§ **What the exercise asks**: Omit all images, then repeat exactly the lines below from the one containing "Features include a" through the one containing "Whether you’re feeding", both ends included.

==== Data extract ====

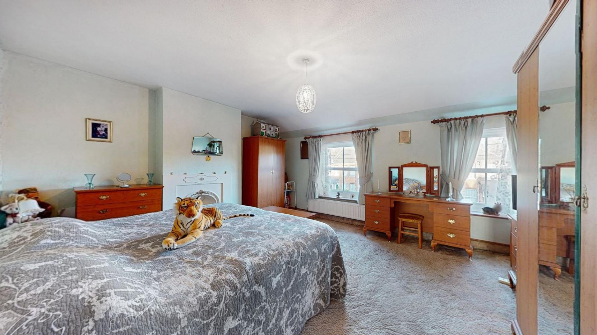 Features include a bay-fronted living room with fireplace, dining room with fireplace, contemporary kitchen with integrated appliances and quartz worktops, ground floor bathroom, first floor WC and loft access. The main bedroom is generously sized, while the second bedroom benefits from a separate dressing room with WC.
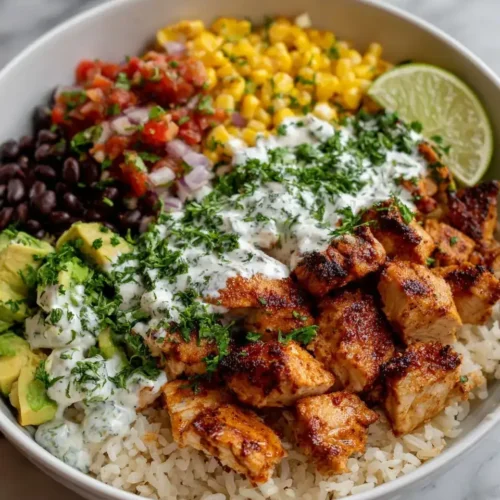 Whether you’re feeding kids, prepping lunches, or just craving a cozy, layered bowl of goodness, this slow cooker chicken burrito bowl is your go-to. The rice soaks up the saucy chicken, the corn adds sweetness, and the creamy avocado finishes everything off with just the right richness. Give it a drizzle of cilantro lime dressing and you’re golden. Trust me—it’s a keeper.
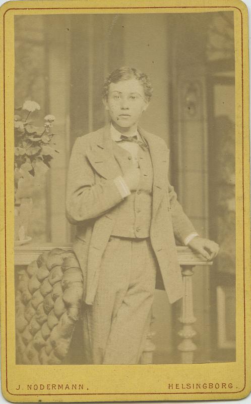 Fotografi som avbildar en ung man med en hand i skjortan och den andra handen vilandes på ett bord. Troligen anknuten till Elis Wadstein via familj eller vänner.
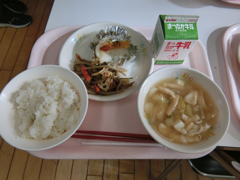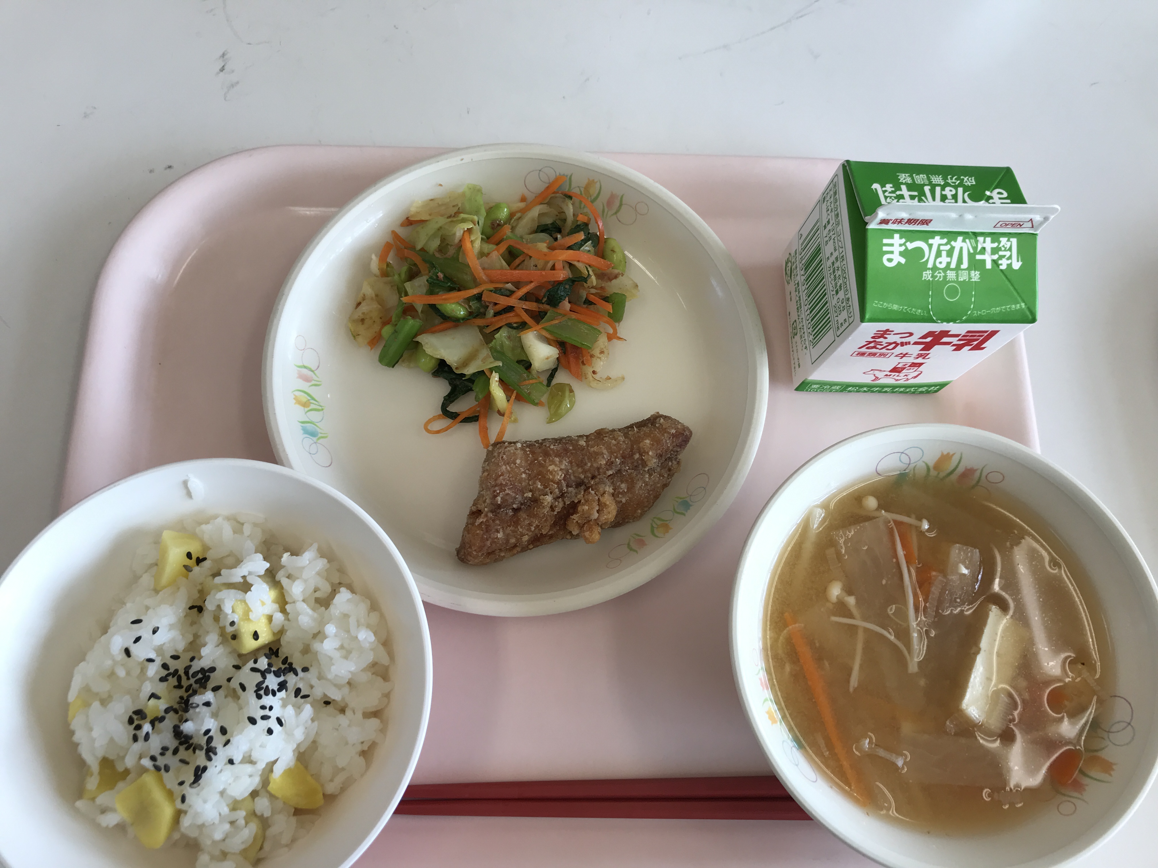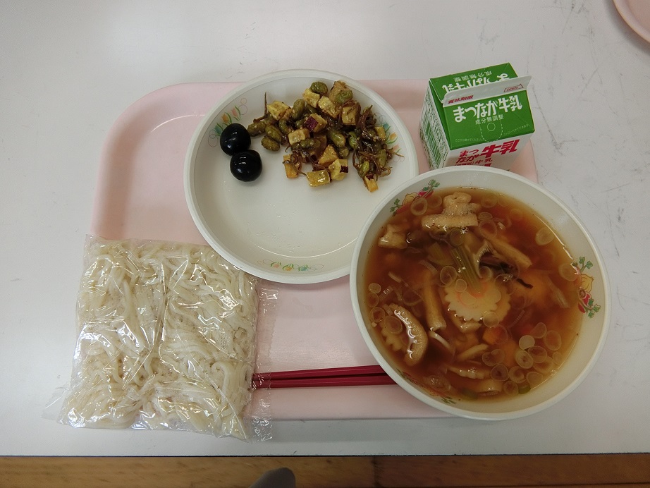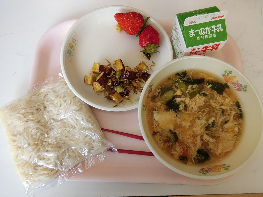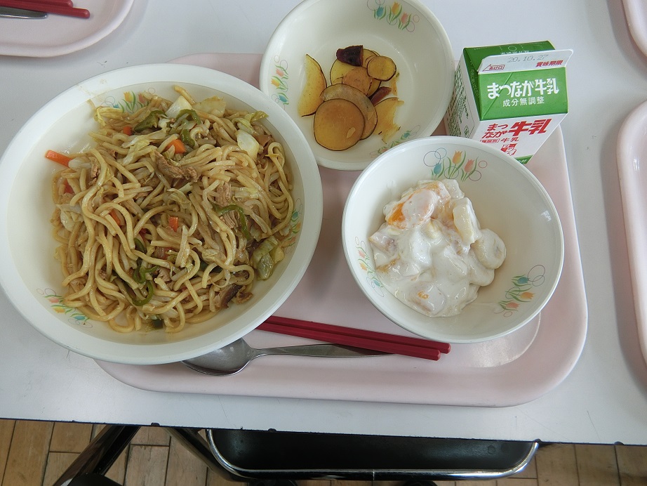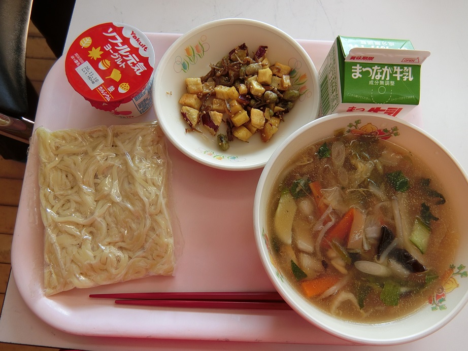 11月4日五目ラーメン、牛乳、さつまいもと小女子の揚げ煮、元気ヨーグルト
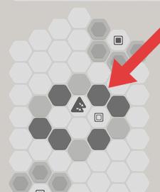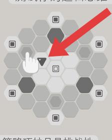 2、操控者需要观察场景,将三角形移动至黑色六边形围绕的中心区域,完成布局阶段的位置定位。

====
==== Data extract ====

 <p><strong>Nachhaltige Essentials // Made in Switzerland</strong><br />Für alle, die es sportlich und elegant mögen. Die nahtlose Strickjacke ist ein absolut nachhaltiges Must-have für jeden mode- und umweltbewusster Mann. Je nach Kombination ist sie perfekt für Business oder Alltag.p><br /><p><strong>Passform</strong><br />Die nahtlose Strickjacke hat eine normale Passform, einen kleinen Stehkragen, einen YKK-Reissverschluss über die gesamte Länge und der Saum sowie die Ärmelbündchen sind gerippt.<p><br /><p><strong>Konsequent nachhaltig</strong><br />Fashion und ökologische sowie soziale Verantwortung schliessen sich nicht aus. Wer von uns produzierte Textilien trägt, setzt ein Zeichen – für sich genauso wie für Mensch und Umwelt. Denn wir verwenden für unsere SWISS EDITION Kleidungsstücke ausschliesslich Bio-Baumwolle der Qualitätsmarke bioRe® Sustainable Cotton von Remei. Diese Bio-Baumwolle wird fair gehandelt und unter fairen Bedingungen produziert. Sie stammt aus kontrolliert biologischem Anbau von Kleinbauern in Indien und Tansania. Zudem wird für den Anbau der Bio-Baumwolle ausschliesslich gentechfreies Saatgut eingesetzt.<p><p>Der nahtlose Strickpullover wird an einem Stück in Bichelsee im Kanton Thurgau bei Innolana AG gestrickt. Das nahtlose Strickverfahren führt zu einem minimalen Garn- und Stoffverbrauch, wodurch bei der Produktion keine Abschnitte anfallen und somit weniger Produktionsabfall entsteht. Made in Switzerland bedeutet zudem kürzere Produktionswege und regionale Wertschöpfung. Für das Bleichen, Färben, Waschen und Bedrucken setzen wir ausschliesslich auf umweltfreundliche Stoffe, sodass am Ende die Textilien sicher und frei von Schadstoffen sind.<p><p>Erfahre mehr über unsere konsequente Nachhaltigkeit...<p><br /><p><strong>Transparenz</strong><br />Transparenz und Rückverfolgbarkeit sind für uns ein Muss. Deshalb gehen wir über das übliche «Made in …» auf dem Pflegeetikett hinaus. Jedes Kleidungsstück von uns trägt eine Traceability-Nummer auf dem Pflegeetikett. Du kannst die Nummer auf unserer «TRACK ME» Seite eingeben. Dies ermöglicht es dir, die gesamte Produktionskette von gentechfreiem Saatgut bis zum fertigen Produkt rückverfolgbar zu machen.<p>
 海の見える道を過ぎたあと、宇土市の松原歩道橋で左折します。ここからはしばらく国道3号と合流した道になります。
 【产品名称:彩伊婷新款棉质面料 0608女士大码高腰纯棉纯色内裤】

====

§ **Answer section**:
 Features include a bay-fronted living room with fireplace, dining room with fireplace, contemporary kitchen with integrated appliances and quartz worktops, ground floor bathroom, first floor WC and loft access. The main bedroom is generously sized, while the second bedroom benefits from a separate dressing room with WC.
 Whether you’re feeding kids, prepping lunches, or just craving a cozy, layered bowl of goodness, this slow cooker chicken burrito bowl is your go-to. The rice soaks up the saucy chicken, the corn adds sweetness, and the creamy avocado finishes everything off with just the right richness. Give it a drizzle of cilantro lime dressing and you’re golden. Trust me—it’s a keeper.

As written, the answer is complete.